Imagine you’re walking down the street on a nice summer’s day, and someone walks up to you and says “Hey, you work at InterSystems, right? I’ve been hearing more and more about InterSystems IRIS lately. I know IRIS has its own programing language called ObjectBook? or InstaScript? OK, I admit it, I know it’s called ObjectScript! I know IRIS also supports Python. I’m a Python developer, so that sounds great to me. But I’m also interested in ObjectScript. For example, Python and other languages support collections. Does ObjectScript support collections?”

You’d answer “Of course!”

And then your new friend might get excited and start firing off more questions:

  • How many kinds of collections does ObjectScript support?
  • Can ObjectScript use Python collections?
  • Can Python use ObjectScript collections?
  • Which collection is best?

How would you answer? Well, you don’t have to worry about answering. All you’d have to do is send your new friend the URL of this long page.

Let’s say you have 20, 500, or 10000 items that you want to manipulate programmatically. You may want to sort them, iterate through them, perform mathematical operations on them, or do something else with them. Using a collection is an obvious choice. Let's explore the IRIS collection collection.

There are 12 kinds of collections available in IRIS. Yes, 12. Why 12? Because new collection or collection-like features have been added over time. In the beginning, there were 2 kinds of collections. Then $lists were added. Then collection classes were added. Then dynamic objects and arrays were added for handling JSON. Then the ability to use Python collections was added. Finally vectors were added. In ObjectScript, it's possible to use all 12. In Python, as of v2024.3, you can use 9 (sparse arrays, $list, and $vector are not available).
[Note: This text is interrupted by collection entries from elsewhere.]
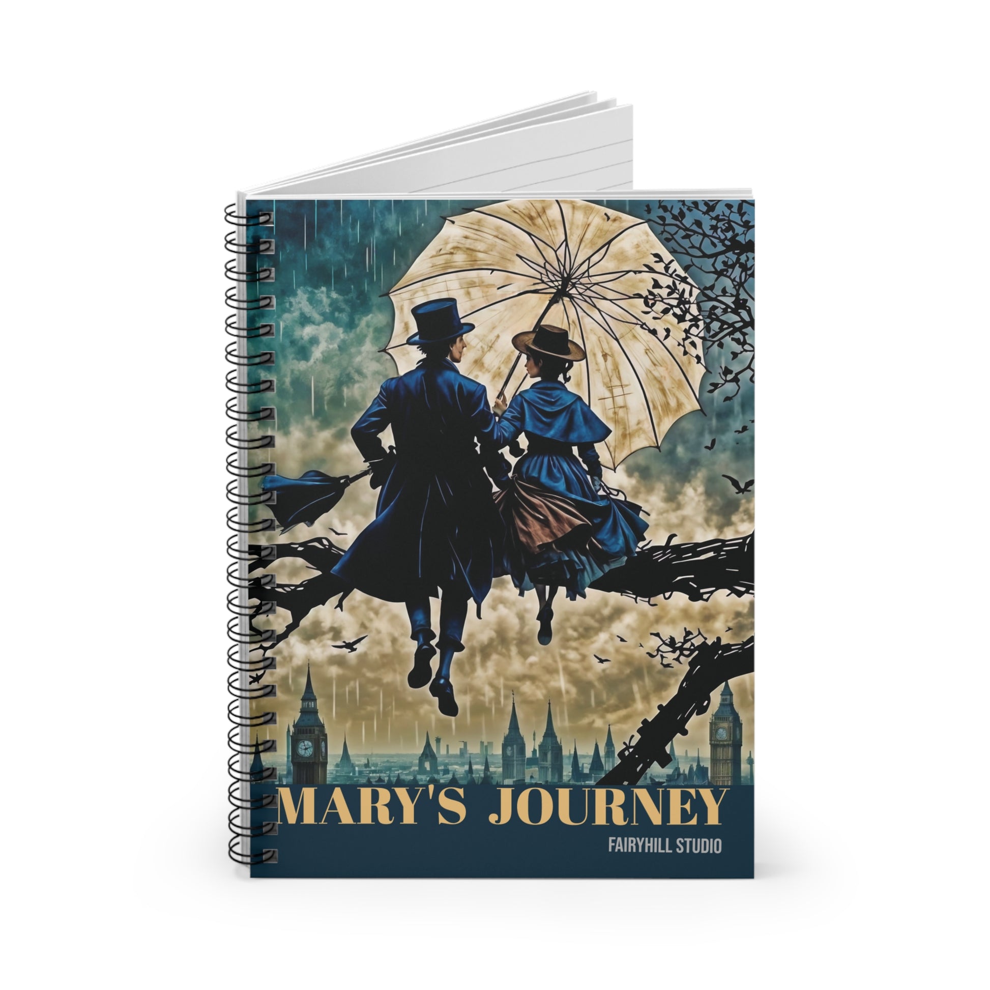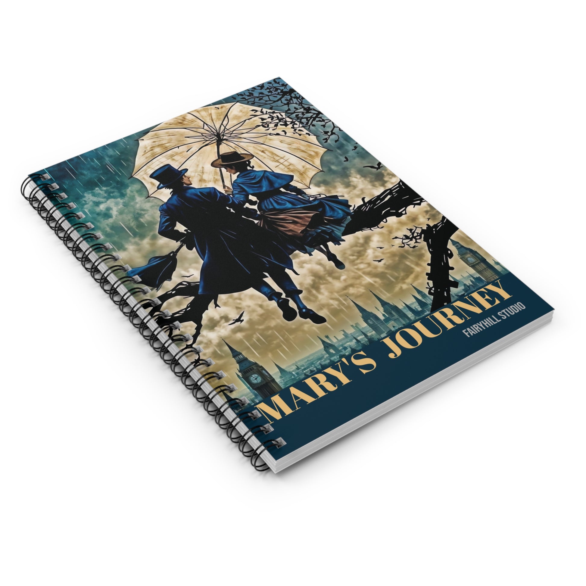 Personalized spiral notebook featuring a young couple watching the London city under rain with an umbrella design by fairyhill studio. Perfect for those who love romantic and whimsical vibes. Ideal for journaling, taking notes, or sketching. Great for gifting on Valentine's Day, birthdays, or anniversaries.
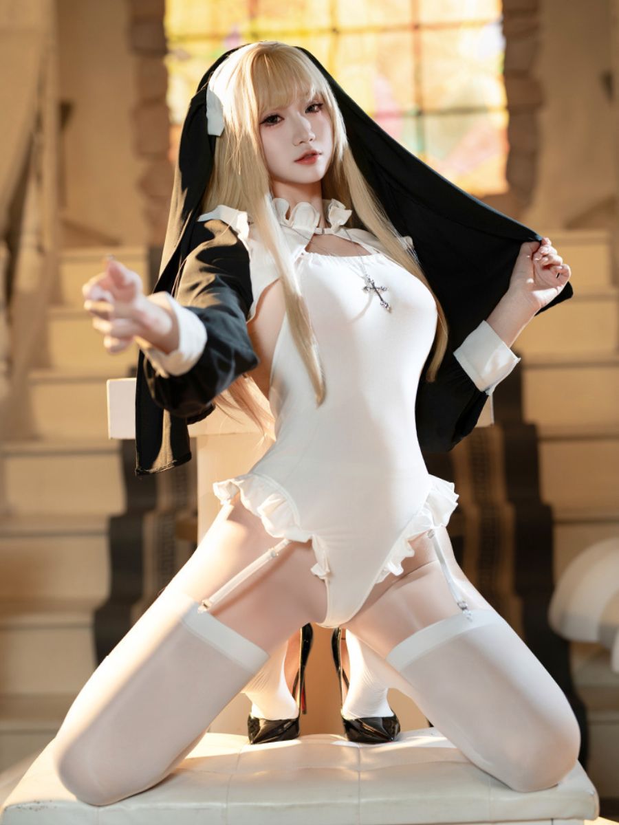 デザイン:このゴシック修道女ランジェリーコスチュームは、フリルのディテールが施された白いワンピースボディスーツ、機能的で遊び心のある着用のためのフックとアイのオープンクロッチ、ユニークな取り外し可能な長袖シュラッグが特徴です。外観を完成させるのは、テーマのあるコスプレに大胆なひねりを加えた、マッチした黒い修道女ベールです。
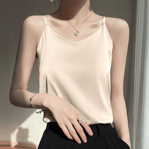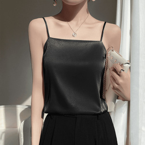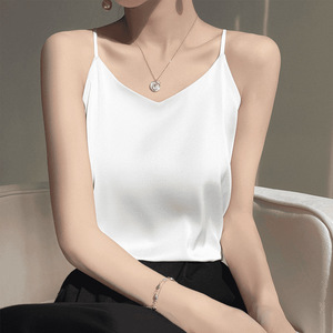 ホワイトキャミソールレディース模擬シルクスーツインナー2025夏の新しいファッション多用途スリムフィットボトムストップ
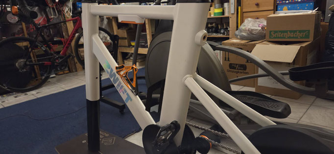 Der von Zwift entwickelte Smartrahmen hat mir sofort sehr gefallen. Den einzigen Nachteil, den dieser Rahmen bietet: er kann mit seiner vollständigen Funktionalität ausschließlich mit der Trainingsplattform Zwift benutzt werden. Die Nutzung des Zwift:Cog auf anderen Plattformen funktioniert nur bedingt und auch nur mit zusätzlicher Software, die nicht "freigegeben" wurde. Aber wie Ihr an meiner Begeisterung für Zwift erkannt habt, ist dies für mich kein wirklicher Nachteil.
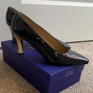 Stuart Weitzman black patent leather heels with a gold heel accent. 3” heel. Size 9.5. Like new condition. Perfect for adding elegance to any outfit.
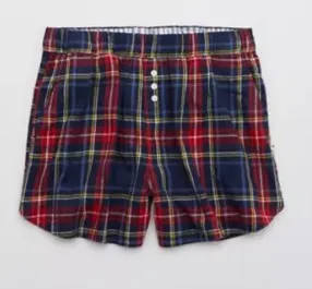 Aerie flannel high waisted boyfriend boxer. Navy, red, and yellow plaid

I've divided the collections into 3 groups. There are simple code examples for each collection (Python on the left, ObjectScript on the right)

  • 7 collections that use integer keys.
  • 4 collections that allow any value to be the key; these are key-value collections.
  • The Python set collection only, which has no keys.

At the bottom, after the examples of the collections, there are a few more fun facts about collections as well as a poll. Plus, there might be a treat or joke down there at the end.

The one question this article does not answer is: "Which collection performs best, especially when the number of items in the collection is large?" I intend to write some code which will time things like computations across values ($vector should win that one!), creation, searching for values, accessing values, and anything else I come up with. And I'll add that code and the results to this posting,. Maybe one of you will finish writing that code and add it to this posting before I do.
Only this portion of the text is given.